ご挨拶

Greeting

農業の魅力について The charm of agriculture

01

自然とともに働くことの楽しさ

私が農業をしているところは大井川の中流域の山々に囲まれた、自然の豊かなところです。四季折々の景色の移ろいや空気の匂いをいつも感じながら過ごせるのは、無条件に気持ちのいいものです。また、農業は作物の生長とともにありますから、それが育っていくのを見るのは感動的です。一握りの土の中には数億の微生物がいるといわれています。農業をやっていると、目には見えないその生き物の存在を感じるときが確かにあります。

いつも「いのち」の存在を感じられる、それは自分の存在を感じることでもあります。周りのものに自分が生かされているという感覚を持てた事が、自分の自立につながっています。

02

百姓の意味

「百姓」という言葉の意味は、「百の姓=仕事ができないと農業はできない」ということだと聞きました。作物の栽培に関することは、生物学の知識が必要なのは当然ですが、土の中のことは物理学や化学(苦手)が、その他にも気象学、地理学などについても知っていなければいけません。
販売については商学、経営については経済学、それに農業機械の整備や農地に関する法律など、幅広い知識と情報が必要になります。
一つ一つ学んで切り開いていくことが農業の楽しさです。

03

地域づくりの中心に農業を

農業の社会的役割というのは、単なる食料の供給だけではないと思います。「食」は「いのち」の源です。社会の「いのち」に関するあらゆることと、農業はつながっています。
例えば、教育があります。私が農業をやることを通じて自立したように、農業の教育力は大きなものがあります。自分の日々食べているものが どう作られているのかを知っているのと知らないのとでは、「いのち」に対する感覚は大きく違ってくると思います。また、「医食同源」という言葉があるように、「健康な体」の源は「健康な食」です。医療費の削減は、栄養価の高い農作物の栽培技術の普及からであるはずです。

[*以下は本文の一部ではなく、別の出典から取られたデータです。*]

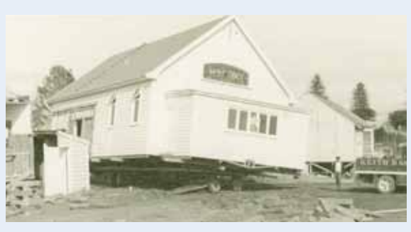
Relocation of the Former Baptist Church to the rear of the site, 1970 (Trevor Penman)

Landscape Park apartments opened on the site of the former Papatoetoe Baptist Church in 2005. Papatoetoe's first Baptist Church opened here on 3 February 1934. The second church, opened on 28 March 1971, was demolished in 2004. Its replacement, the Manukau Baptist Church, opened on 22 March 2009 in a converted commercial building (formerly a roller skating rink) in Lambie Drive. Landscape Road was formed in 1921. It was named by Arthur Lipscombe after a street in Three Kings where his wife had lived.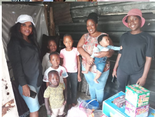
Below—The bigger one is due for Confirmation, and has been with us since he was 2 years old.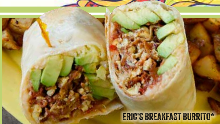
ERIC'S BREAKFAST BURRITO*

GET BUBBLY WITH YOUR BUDDIES, UPGRADE TO A MIMOSA PITCHER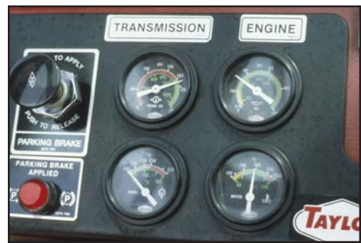
Conveniently mounted gauges and systems warning lights and controls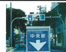
The sign of the Center line.

Okinawa Prefectural Police HQ (Main switchboard) 0 9 8 - 8 6 2 - 0 1 1 0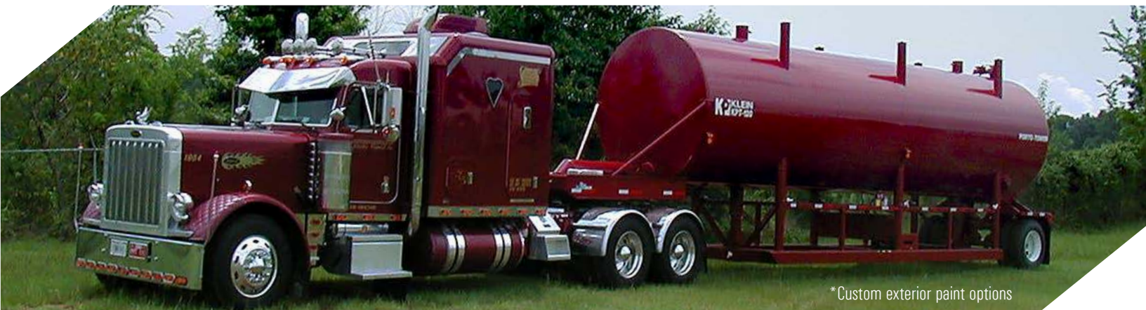
*Custom exterior paint options

kleinproducts.com | CA: 909-460-4546 | sales@kleinproducts.com Exports: + 1-972-479-0333 | exportsales@kleinproducts.com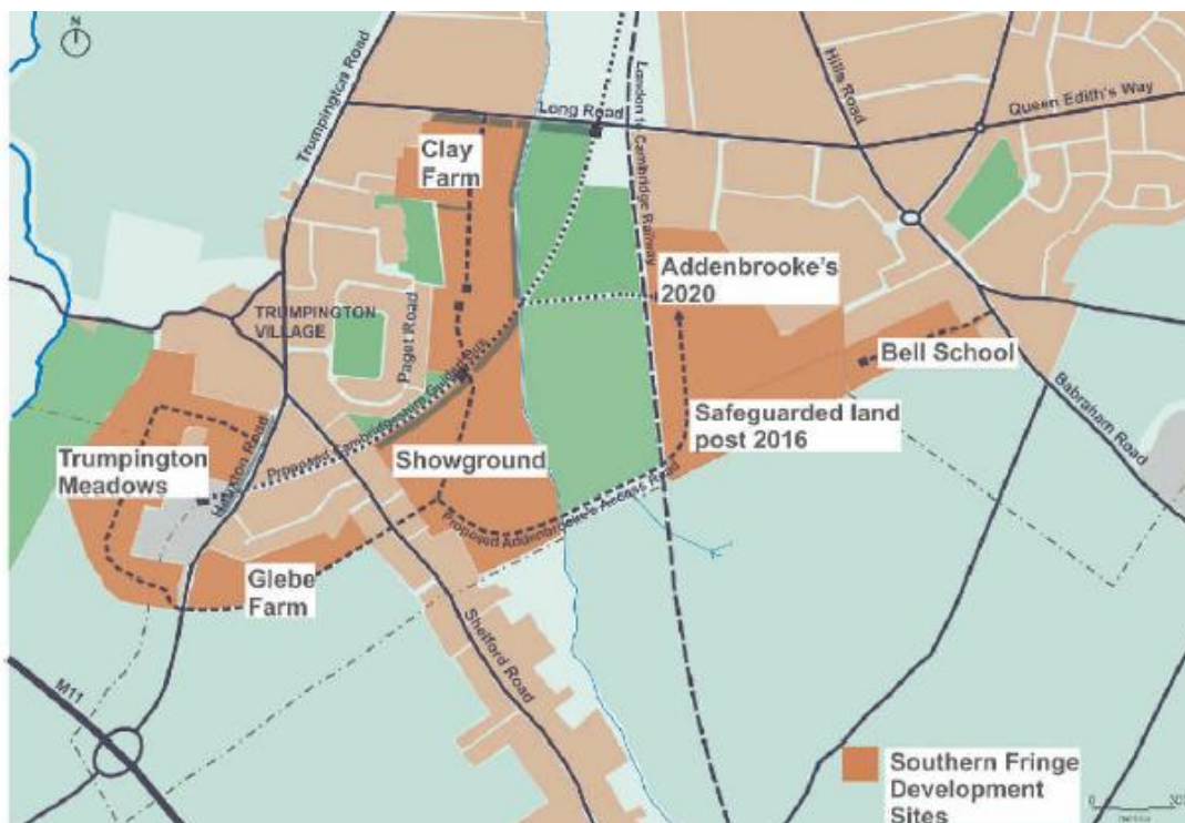
Figure 2: Cambridge Southern Fringe development sites (Cambridge City Council, 2005b. www.cambridge.gov.uk ).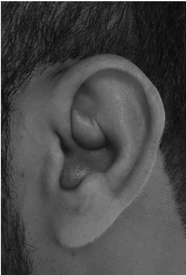
Fig. 1 The pseudocyst as seen before the procedure.

Informed consent was obtained from all patients after they received an explanation of the procedure, of the post-operative care, and of the follow-up.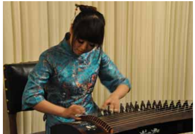
The London Confucius Institute provided the evening's musical entertainment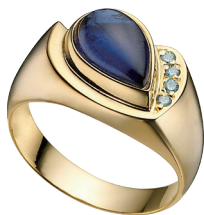
EAR - 2009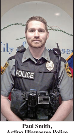
Acting Hiawassee Police Chief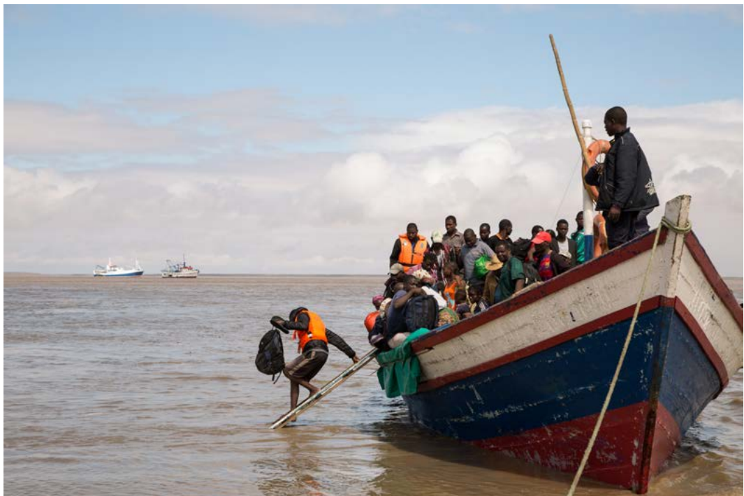
Cyclone Idai, Mozambique, Red Cross preparedness, 14 March 2019

The World Meteorological Organisation (WMO) is urging NMHS to focus more on developing impact-based forecasts (IBF), 3 and recognises that NMHS cannot develop these kinds of forecasts by themselves. Thus, an opportunity for National Societies to potentially help NMHS develop impact-based forecast messages. Instead of providing information on what the natural hazard (such as heavy rainfall) may be, information on the likely effects of the heavy rainfall (e.g. flash floods) enables us to plan for appropriate early actions. In order to define areas and populations that would be most impacted by forecasted climate hazards, NHMS partnerships are required with disaster managers – including National Societies – to bring in information on vulnerability, exposure and capacity. Understanding the places where impact may occur, and at what magnitude, enables a National Society to inform risk reduction measures, preparedness and response action planning. The fact that a National Society works closely with local authorities means that local government departments can be mobilised to incorporate impact-based forecast messages in their information dissemination mechanisms.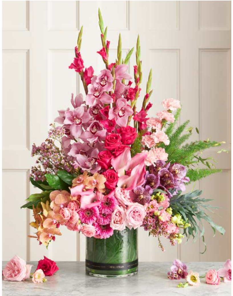
Neill Strain's "Pretty Pinks" arrangement of seasonal blooms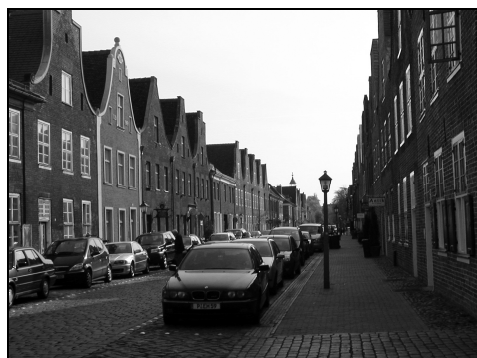
Fig. 4. Holländisches Viertel : the buildings seen from the street form a continuous row

The front walls of old buildings, adjacent to the street, were reconstructed with great care to restore their historical shape, but the inner spaces were reconstructed in an innovative way. Substandard elements of existing development like sheds, side-buildings and outbuildings were demolished, giving way to new arrangement of space – attractive recreation areas, playgrounds and green spaces were provided, as well as utility spaces for residents of adjoining buildings. At the back side of some of the buildings were built terraces and small gardens, offering a unique possibility of having private open space in the heart of the city (figures 3–5).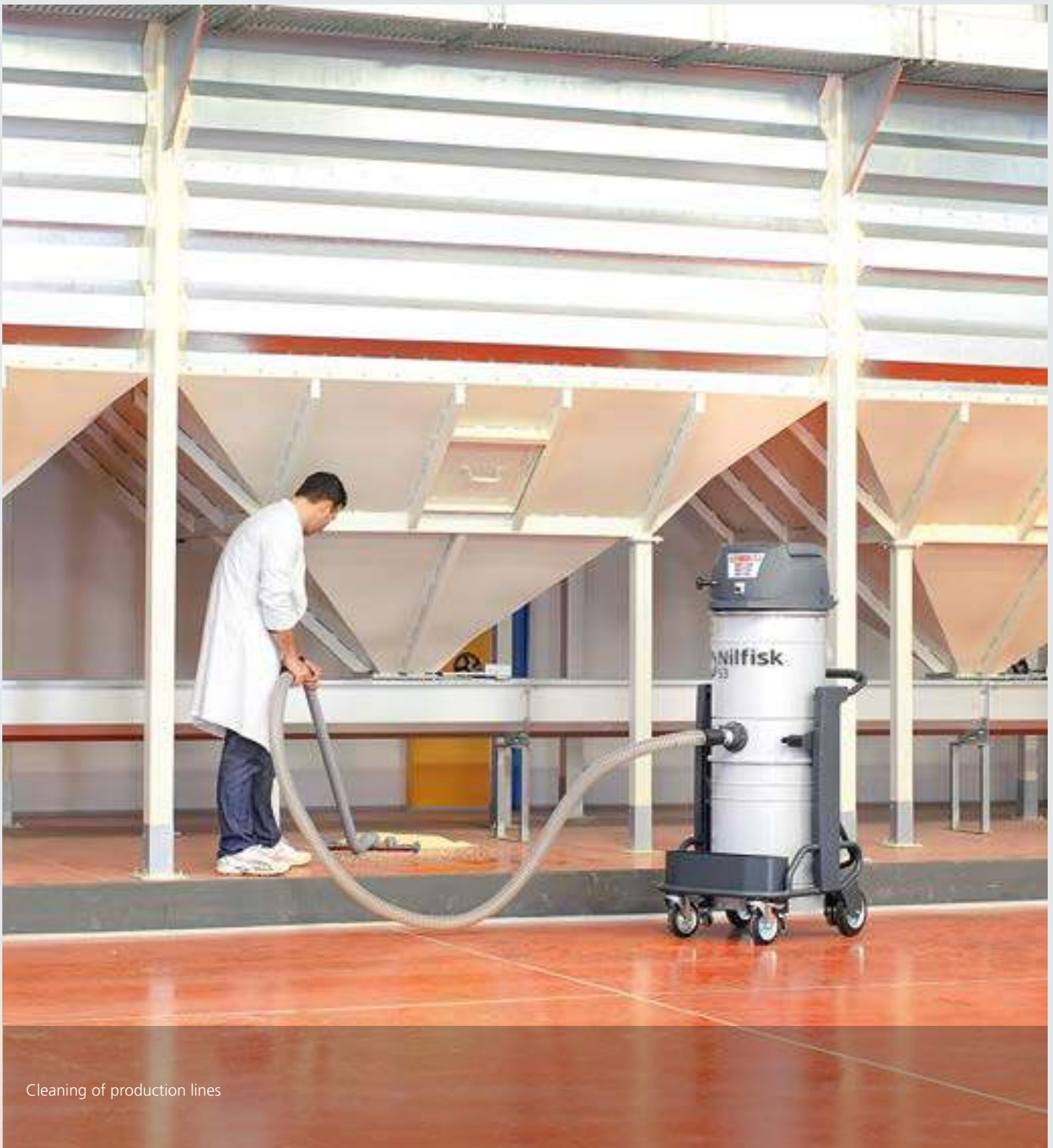
Cleaning of production lines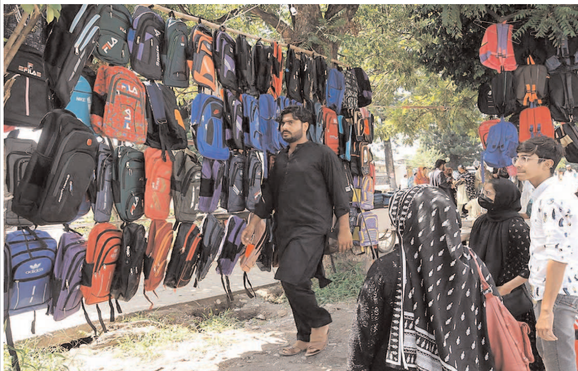
ISLAMABAD: A woman along with her children busy in selecting and purchasing school bags from vendor at Sunday Bazaar in Federal Capital.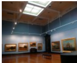
FINE ART GALLERY SOHE 2008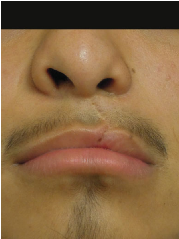
Fig. 5 Left nasal obstruction presenting after prior repair of left unilateral cleft lip/nasal deformity.

school age to young adulthood for definitive treatment (► Fig. 8 ). Several reconstructive options have been proposed to manage columellar necrosis including full-thickness skin graft, composite auricular graft and local flaps from the nose, upper lip, or cheek. 56–62 More complex deformities involving the soft tissue triangle or ala may incorporate these techni-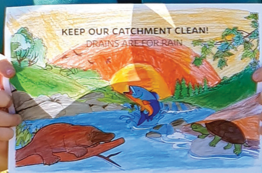
Berserker State School | Rockhampton Region

環境とも密接な関係にありますし、本来の意味での循環保全型社会を実現するためにも、農業の存在は不可欠です。ひとと自然が調和し、「いのち」が守られていく豊かな社会を創るためには、農業の果たせる役割はもっと多様にあります。こうしたことから農林水産省が推薦する「多面的機能交付金支払制度」を活用、団体を結成、将来の若者が農業を楽しみ、活躍できる環境作りに励んでいきます。

04

次世代に続く農業を

農業に興味のある人、農業をやってみたい、と思っている人が増えているのを最近感じます。
しかし、実際に就農する人は少ないのが現状です。土地、技術、資金などクリアすべき関門は多いですし、相当な準備と覚悟が要るのは確かです。
私もまだ道半ばで偉そうなことは言えませんが、少ない経験の中からも新規就農に関することでアドバイス出来ることはあると思います。
また、同じ地域・当社での就農となればいろいろとご協力できることはあります。
販売や情報、物流、人手、農業機械など共有できることはたくさんあります。
地域の農業の仲間が増えてくれることを願っていますので、そのために自分もできる限りのことをしたいと思っています。